- [The problem]
Word for word, retype the lines from the one containing "Charlie B Striped" to the one containing "圖為江孜縣組織開展民族文化、" below, keeping both end lines and dropping the pictures.

--- Records provided Enclosed Below ---

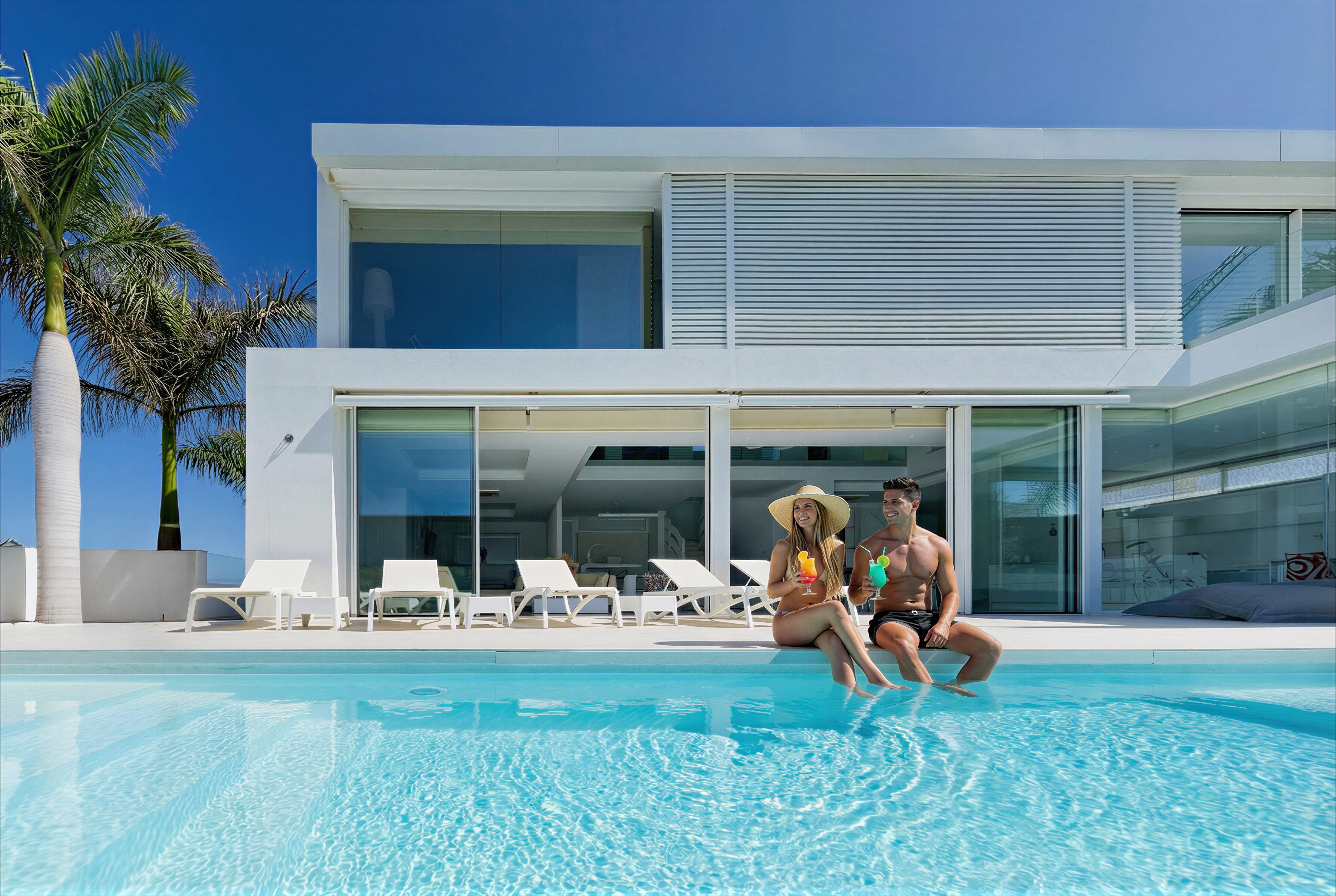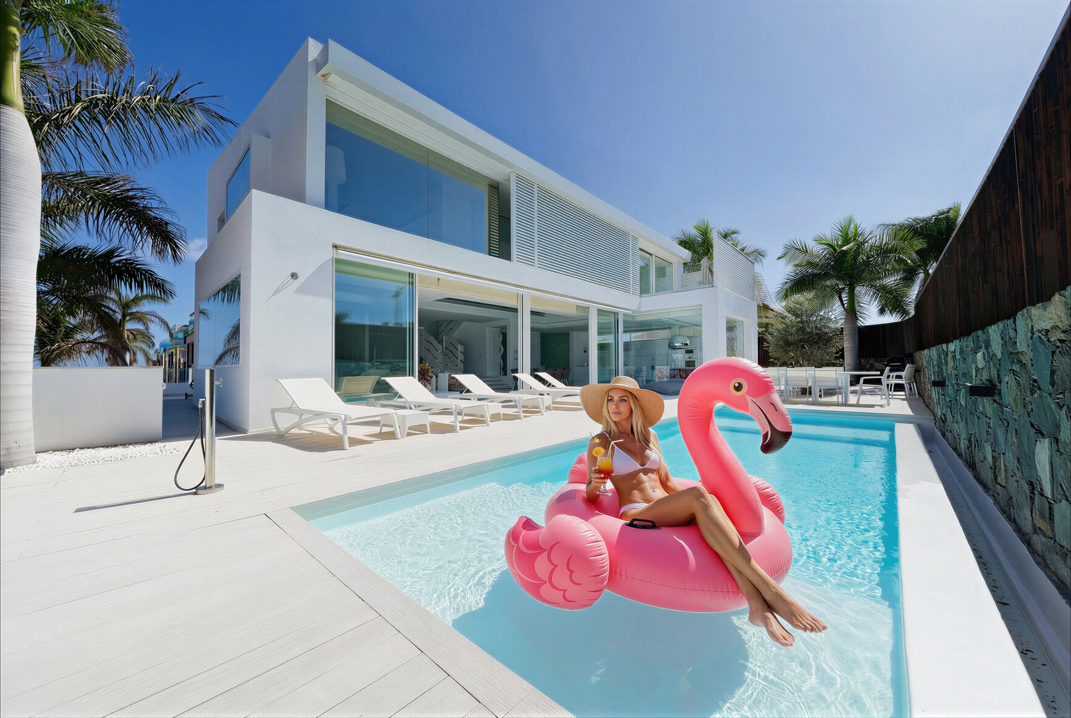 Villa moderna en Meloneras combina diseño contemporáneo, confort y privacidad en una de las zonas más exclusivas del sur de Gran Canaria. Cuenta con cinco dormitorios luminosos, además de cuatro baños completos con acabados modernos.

--- End of Enclosed Records provided ---
--- Records provided Enclosed Below ---

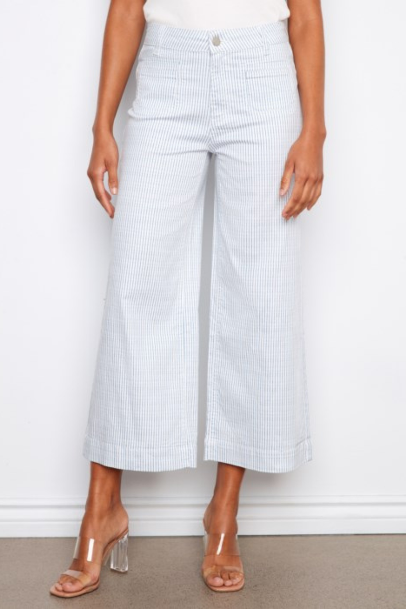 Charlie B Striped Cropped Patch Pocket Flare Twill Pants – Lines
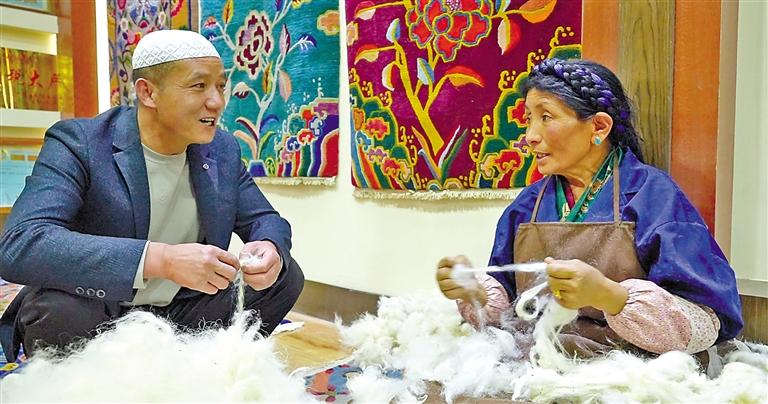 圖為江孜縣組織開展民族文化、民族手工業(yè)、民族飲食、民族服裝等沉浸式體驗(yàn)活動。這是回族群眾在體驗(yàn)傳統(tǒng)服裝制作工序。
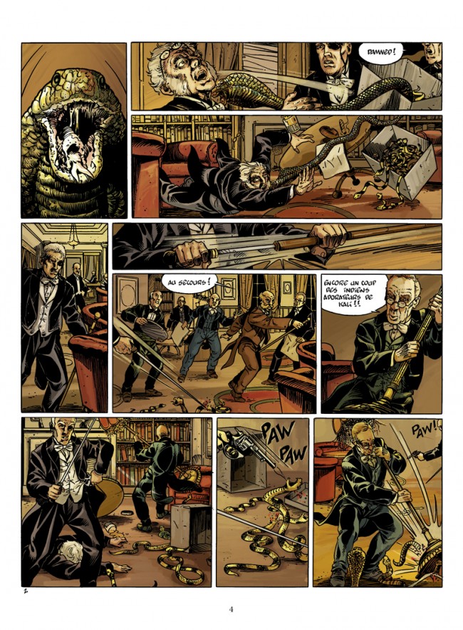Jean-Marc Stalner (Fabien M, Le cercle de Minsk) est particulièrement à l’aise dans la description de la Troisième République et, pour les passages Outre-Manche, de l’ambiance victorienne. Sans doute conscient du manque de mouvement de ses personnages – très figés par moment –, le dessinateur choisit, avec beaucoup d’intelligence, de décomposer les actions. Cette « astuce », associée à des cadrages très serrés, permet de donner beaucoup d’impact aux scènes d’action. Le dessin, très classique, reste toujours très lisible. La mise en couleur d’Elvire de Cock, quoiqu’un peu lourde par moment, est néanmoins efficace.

--- End of Enclosed Records provided ---
--- Records provided Enclosed Below ---

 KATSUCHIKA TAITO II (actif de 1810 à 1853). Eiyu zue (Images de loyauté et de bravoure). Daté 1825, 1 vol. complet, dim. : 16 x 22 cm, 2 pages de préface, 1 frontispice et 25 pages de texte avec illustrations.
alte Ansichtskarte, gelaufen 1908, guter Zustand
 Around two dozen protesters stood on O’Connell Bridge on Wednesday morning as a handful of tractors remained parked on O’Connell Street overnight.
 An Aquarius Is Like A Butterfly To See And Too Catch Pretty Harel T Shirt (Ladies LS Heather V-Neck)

--- End of Enclosed Records provided ---

- [Answer box]
 Charlie B Striped Cropped Patch Pocket Flare Twill Pants – Lines
 圖為江孜縣組織開展民族文化、民族手工業(yè)、民族飲食、民族服裝等沉浸式體驗(yàn)活動。這是回族群眾在體驗(yàn)傳統(tǒng)服裝制作工序。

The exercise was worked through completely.